TASK PROMPT =
Print what the records say exactly, and omit the pictures.

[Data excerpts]
※

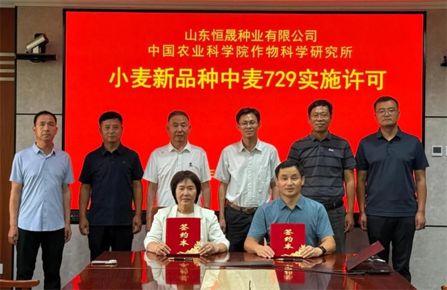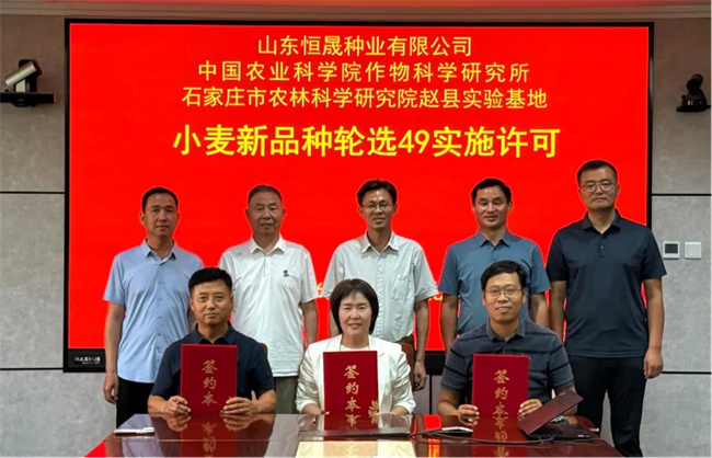 6月23日,中國農業(yè)科學院作物科學研究所、石家莊市農林科學研究院與山東恒晟種業(yè)有限公司在北京簽署小麥新品種“輪選49”新審定區(qū)域知識產權實施許可和“中麥729”成果轉讓協(xié)議。作科所張宏軍研究員、肖永貴、石家莊市農科院李輝利研究員與山東恒晟種業(yè)總經理吳秀云分別代表各方簽約。作科所所長周文彬,山東恒晟種業(yè)董事長孟凡金以及來自三方的研發(fā)、轉化和推廣人員代表共同見證了簽約活動。
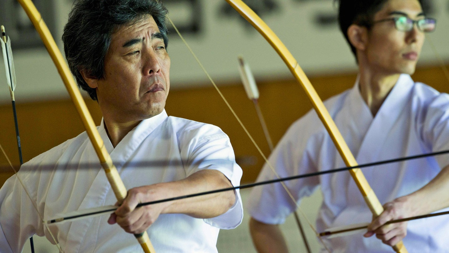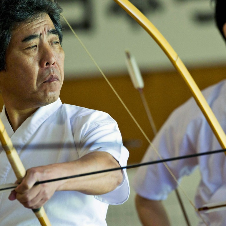 Im Dojo, dem japanischen Übungssaal, herrscht konzentrierte Stille. Langsam und fließend greifen die Männer und Frauen nach ihren Bögen und spannen die Sehnen. Sie üben sich in Kyudo, "dem Wege des Bogens", der klassischen Kriegskunst der Samurai.
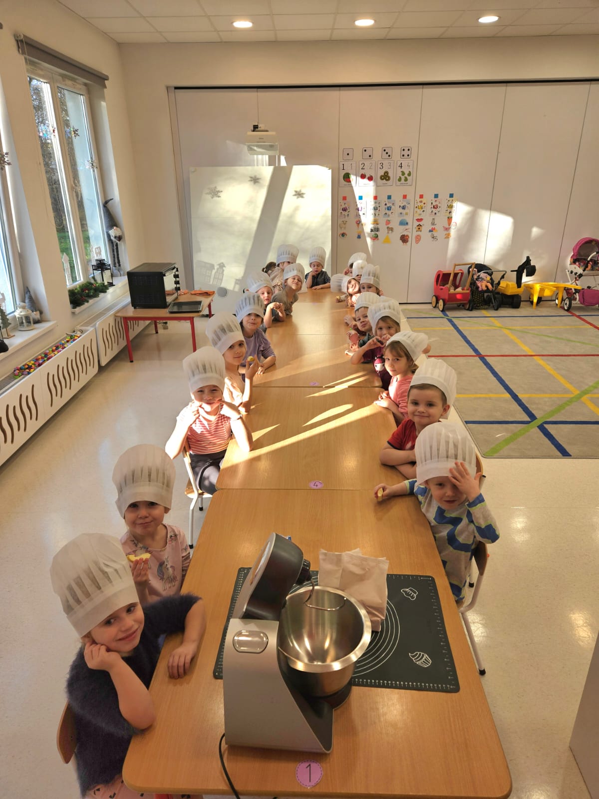 Dzieci w czapkach kuchennych siedzą przy długim stole w przedszkolu
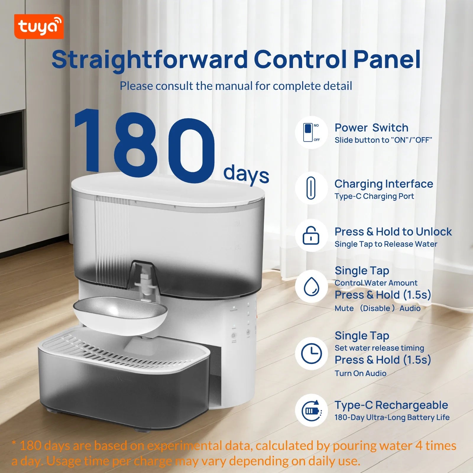 3.180 Days Cordless Freedom – Powered by a 2,000mAh USB-C rechargeable battery, this fountain runs cordlessly for up to 6 months per full charge. The 3L clean-water tank lasts 3–9 days, ideal for homes, balconies, or travel. Keep pets hydrated effortlessly, even when you’re away
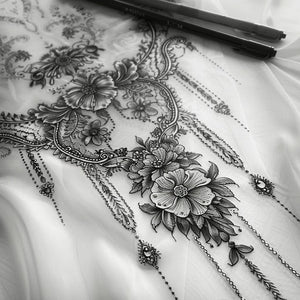 Esquisse de tatouage en dentelle vintage avec rideaux en dentelle et nappes anciennes comme inspiration
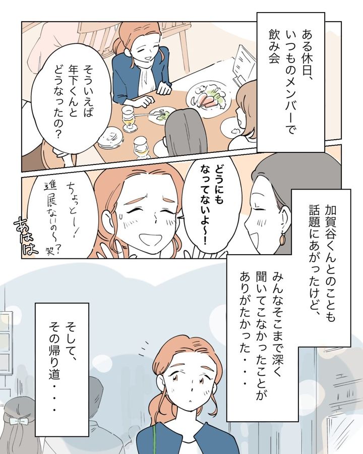 「そういえば、年下くんとどうなったの?」と聞かれ、「どうにもなってないよ~!」と即答。「ちょっとー!進展ないの~?笑」と笑い話に。
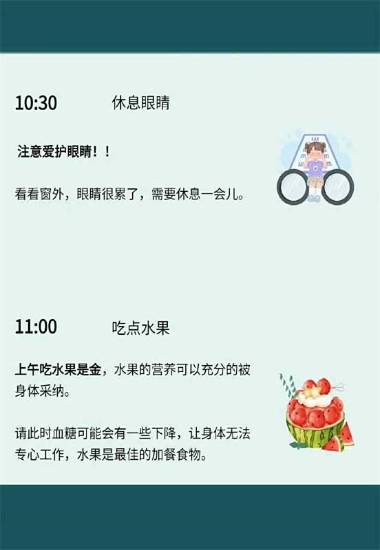 12:00-12:30休息眼睛丰富的午餐为你的身体增添能量,保证你身体的能量所需,别忘了多吃豆类。

※

EXERCISE OUTPUT =
 6月23日,中國農業(yè)科學院作物科學研究所、石家莊市農林科學研究院與山東恒晟種業(yè)有限公司在北京簽署小麥新品種“輪選49”新審定區(qū)域知識產權實施許可和“中麥729”成果轉讓協(xié)議。作科所張宏軍研究員、肖永貴、石家莊市農科院李輝利研究員與山東恒晟種業(yè)總經理吳秀云分別代表各方簽約。作科所所長周文彬,山東恒晟種業(yè)董事長孟凡金以及來自三方的研發(fā)、轉化和推廣人員代表共同見證了簽約活動。
 Im Dojo, dem japanischen Übungssaal, herrscht konzentrierte Stille. Langsam und fließend greifen die Männer und Frauen nach ihren Bögen und spannen die Sehnen. Sie üben sich in Kyudo, "dem Wege des Bogens", der klassischen Kriegskunst der Samurai.
 Dzieci w czapkach kuchennych siedzą przy długim stole w przedszkolu
 3.180 Days Cordless Freedom – Powered by a 2,000mAh USB-C rechargeable battery, this fountain runs cordlessly for up to 6 months per full charge. The 3L clean-water tank lasts 3–9 days, ideal for homes, balconies, or travel. Keep pets hydrated effortlessly, even when you’re away
 Esquisse de tatouage en dentelle vintage avec rideaux en dentelle et nappes anciennes comme inspiration
 「そういえば、年下くんとどうなったの?」と聞かれ、「どうにもなってないよ~!」と即答。「ちょっとー!進展ないの~?笑」と笑い話に。
 12:00-12:30休息眼睛丰富的午餐为你的身体增添能量,保证你身体的能量所需,别忘了多吃豆类。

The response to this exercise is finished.